* Problem requirements *
In the material below, find the line containing "Parts for Frigidaire" and the line containing "الگوی فنجان و". Output those two lines and all lines between them exactly, without pictures.

----- Record set

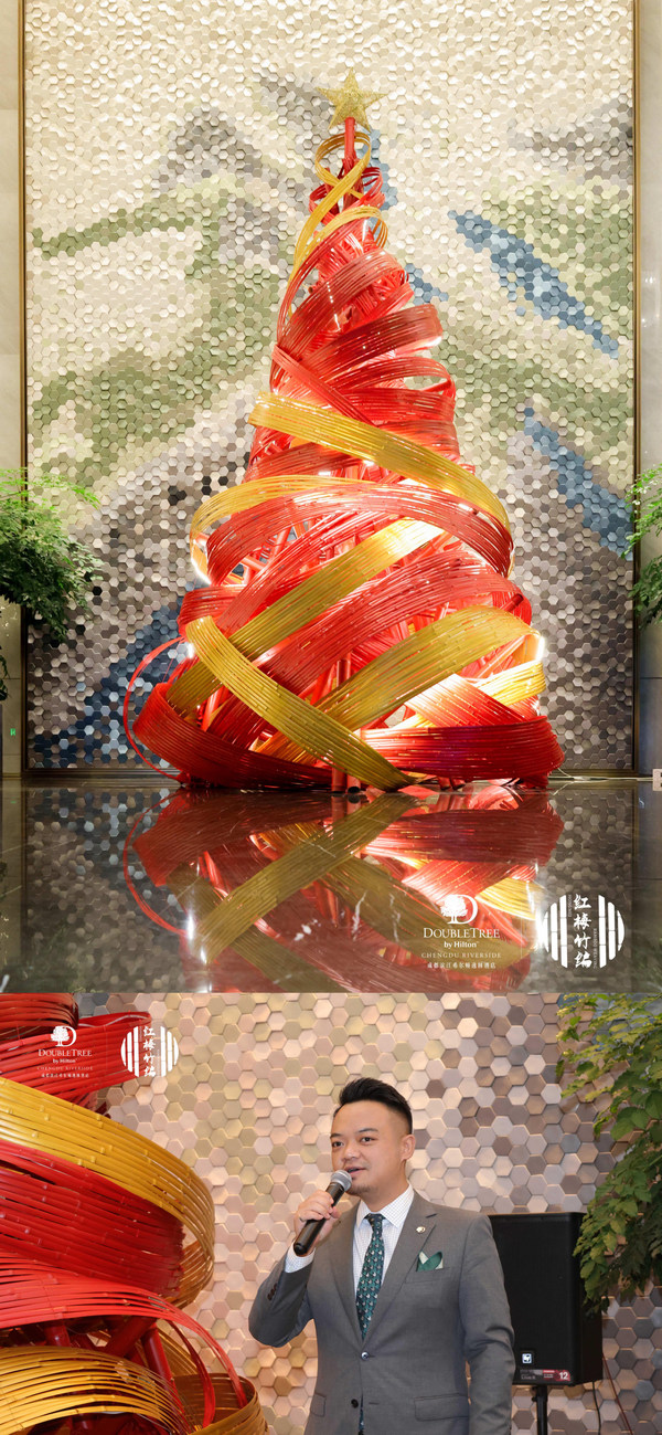 成都2022年11月28日 /美通社/ -- 2022年11月24日,成都濱江希爾頓逸林酒店舉行聖誕點燈儀式與賓客一同迎接聖誕到來。此次活動酒店特別邀請了道明紅梅竹編的非遺傳承人肖瑤女士,從竹編藝術視角親自設計並編織竹藝聖誕樹,將中國非物質文化遺產與西方傳統節日相結合。以竹為媒,演繹冬日聖誕頌歌。
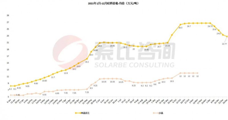 索比咨詢預計,2022年硅料價格保持高位運行。受新產(chǎn)能投放節(jié)奏影響,預計Q2前硅料價格保持高位,年初價格在200元/KG,年底將達100元/KG。
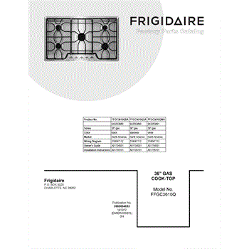 Parts for Frigidaire FFGC3610QBA: 01 - Cover Sheet Parts
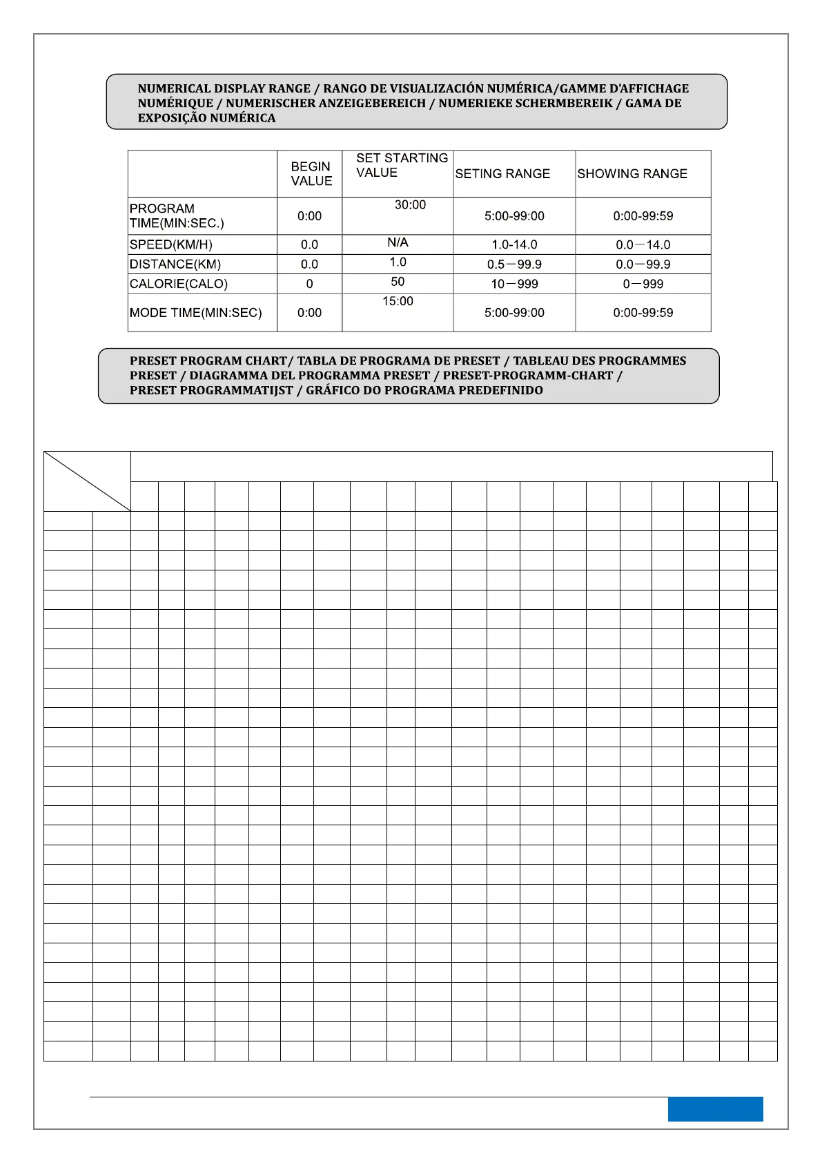 PRESET PROGRAMS: 40
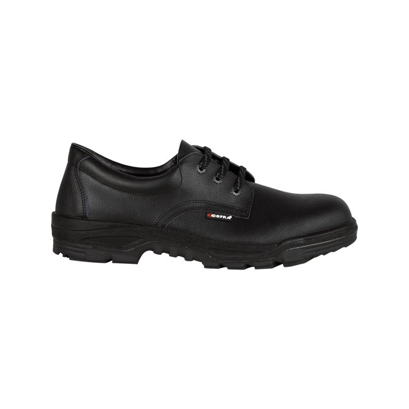 Tige en cuir imprimé, hydrofuge. Doublure 100% polyamide, respirant, absorbant l'humidité, anti-abrasion. Semelle de propreté en mousse de latex, absorbant l'humidité, antistatique, couverte d'un tissu antibactérien empêchant la formation d'odeurs. Semelle en PU bidensité. Embout de sécurité en acier. Semelle antiperforation en acier inoxydable. Coloris : noir Pointure : 48 à 51 Norme : CE Cat II - EN ISO 20345 - S3 SRC
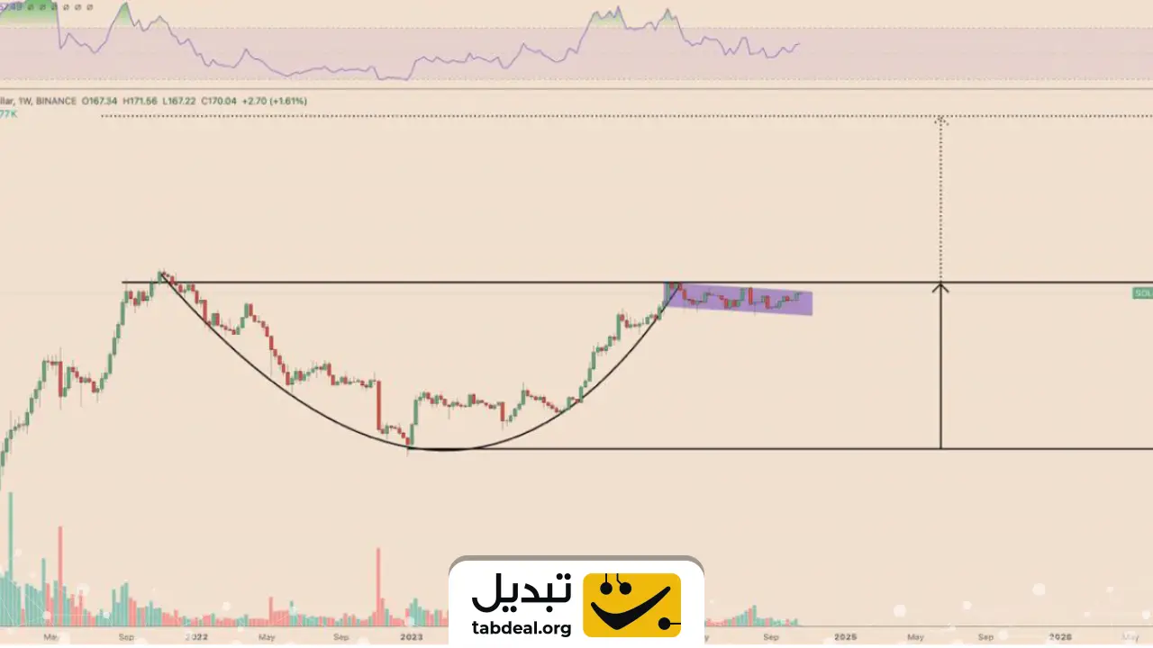 الگوی فنجان و دسته نشاندهنده یک فرصت بالقوه برای سرمایهگذاران سولانا است. اگر این الگو به تأیید برسد و شکست قیمت رخ دهد، ممکن است شاهد یک رشد چشمگیر در قیمت این ارز دیجیتال باشیم.
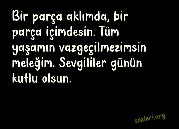 Bir parça aklımda, bir parça içimdesin. Tüm yaşamın vazgeçilmezimsin meleğim. Sevgililer günün kutlu olsun. ( 14 Şubat Sevgililer Günü )
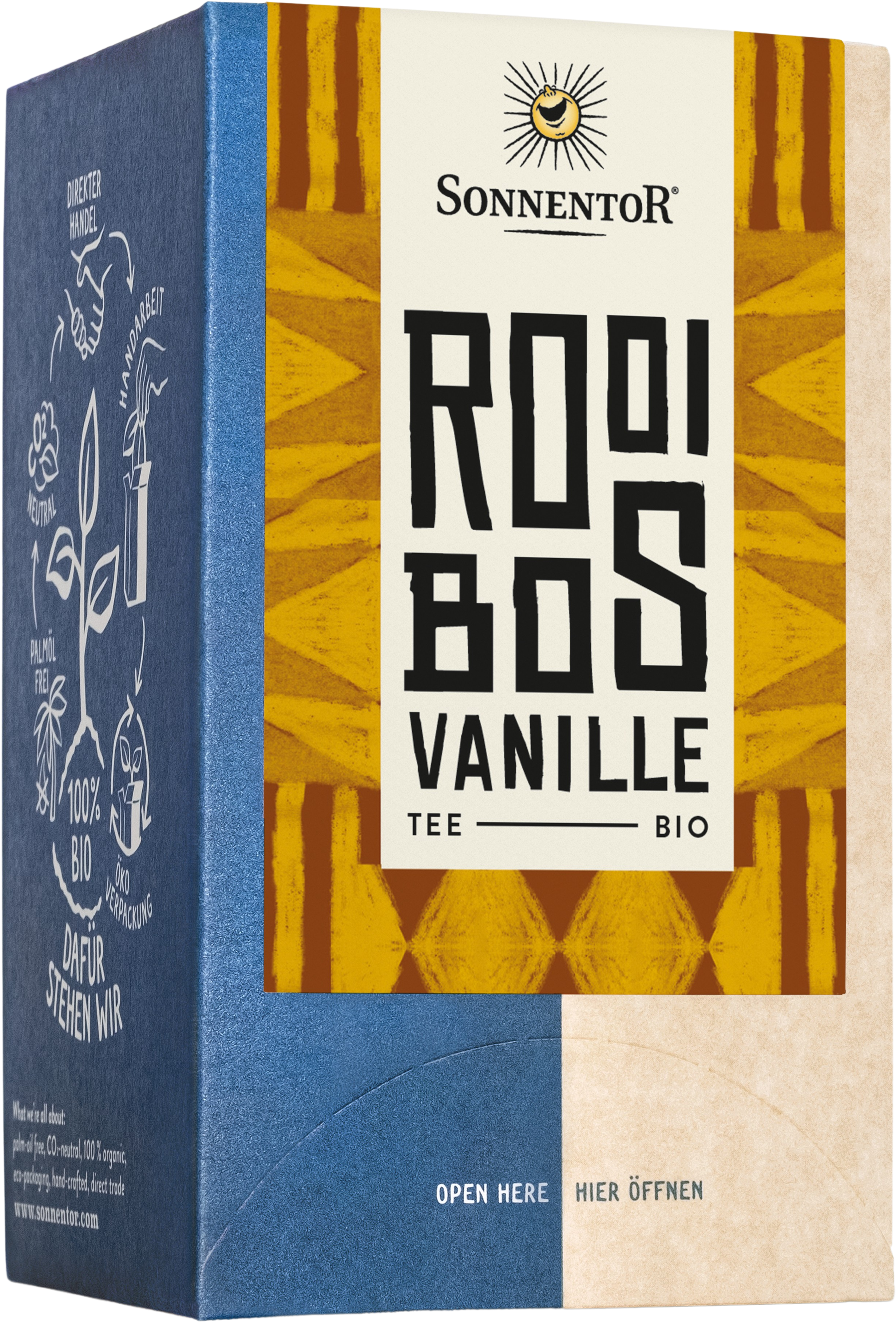 Preprosto nebeška kombinacija! Polnega okusa in rahlo zemeljskega okusa rooibosa v kombinaciji z eteričnim oljem vanilije in ekstraktom vanilije v prahu nastane sladka pijača z okusom slada, ki očara čute. Dodajanje kapljice mleka ali smetane okrepi arome. Eventuelno je čaj mogoče sladkati z žličko medu. Zaradi svoje naravne sladkosti je ta pijača vznemirljiva kombinacija z začinjenimi jedmi.
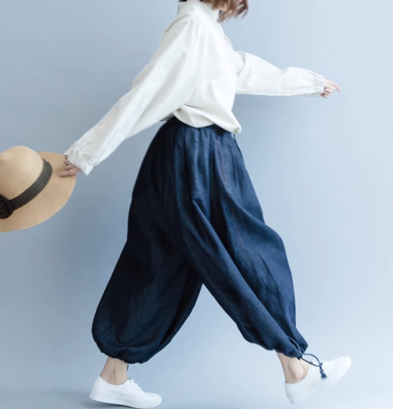 シャツ トップス レディース 春秋 長袖 バックボタン ハイネック ナチュラル ブラウス ゆったり 無地 カジュアル ホワイト ab2646
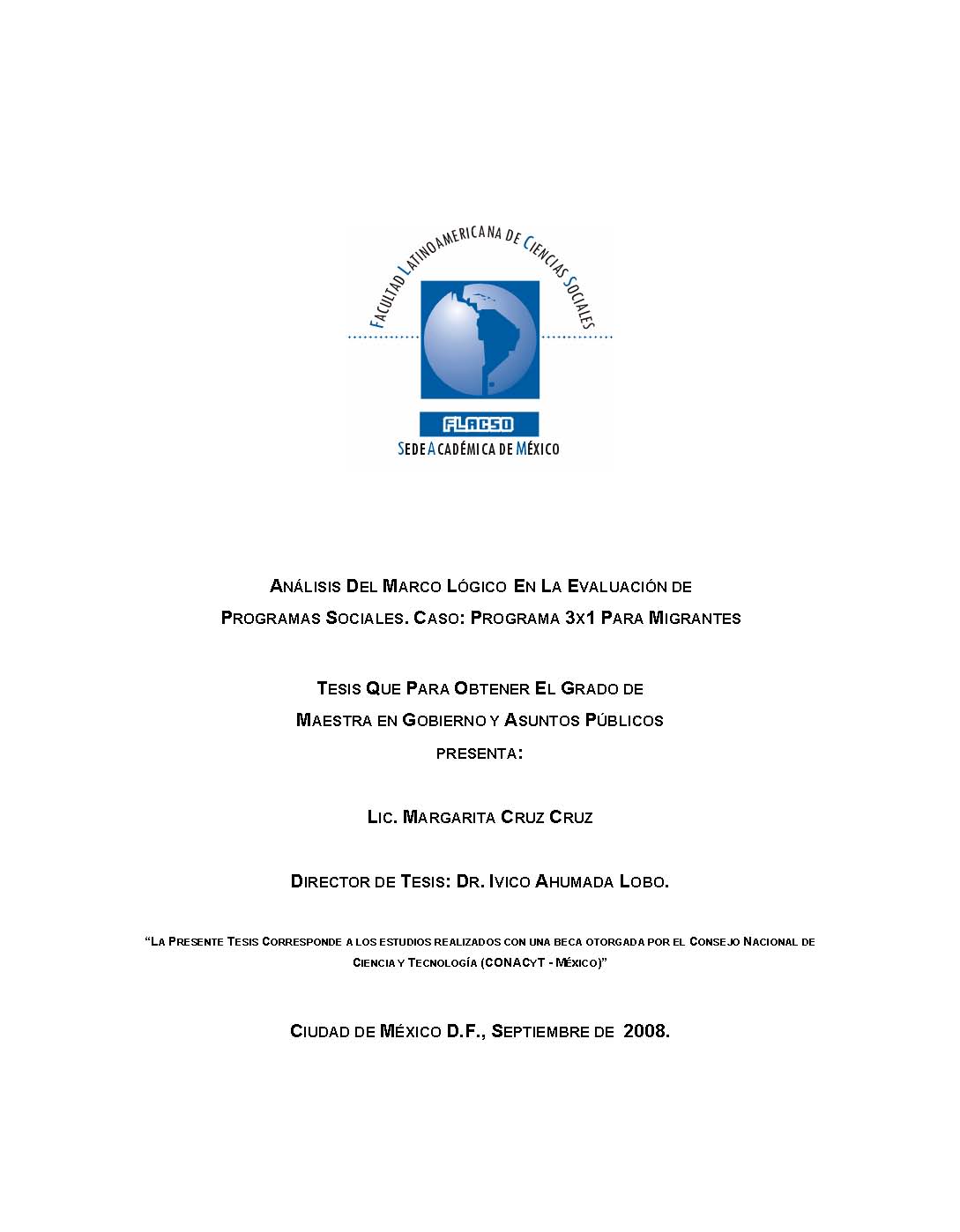 Cruz Cruz, Margarita (2008). Análisis del marco lógico en la evaluación de programas sociales : caso : programa 3x1 para migrantes. Maestría en Gobierno y Asuntos Públicos; FLACSO - Sede Académica de México. México. 100 h.

----------

* Task solution *
 Parts for Frigidaire FFGC3610QBA: 01 - Cover Sheet Parts
 PRESET PROGRAMS: 40
 Tige en cuir imprimé, hydrofuge. Doublure 100% polyamide, respirant, absorbant l'humidité, anti-abrasion. Semelle de propreté en mousse de latex, absorbant l'humidité, antistatique, couverte d'un tissu antibactérien empêchant la formation d'odeurs. Semelle en PU bidensité. Embout de sécurité en acier. Semelle antiperforation en acier inoxydable. Coloris : noir Pointure : 48 à 51 Norme : CE Cat II - EN ISO 20345 - S3 SRC
 الگوی فنجان و دسته نشاندهنده یک فرصت بالقوه برای سرمایهگذاران سولانا است. اگر این الگو به تأیید برسد و شکست قیمت رخ دهد، ممکن است شاهد یک رشد چشمگیر در قیمت این ارز دیجیتال باشیم.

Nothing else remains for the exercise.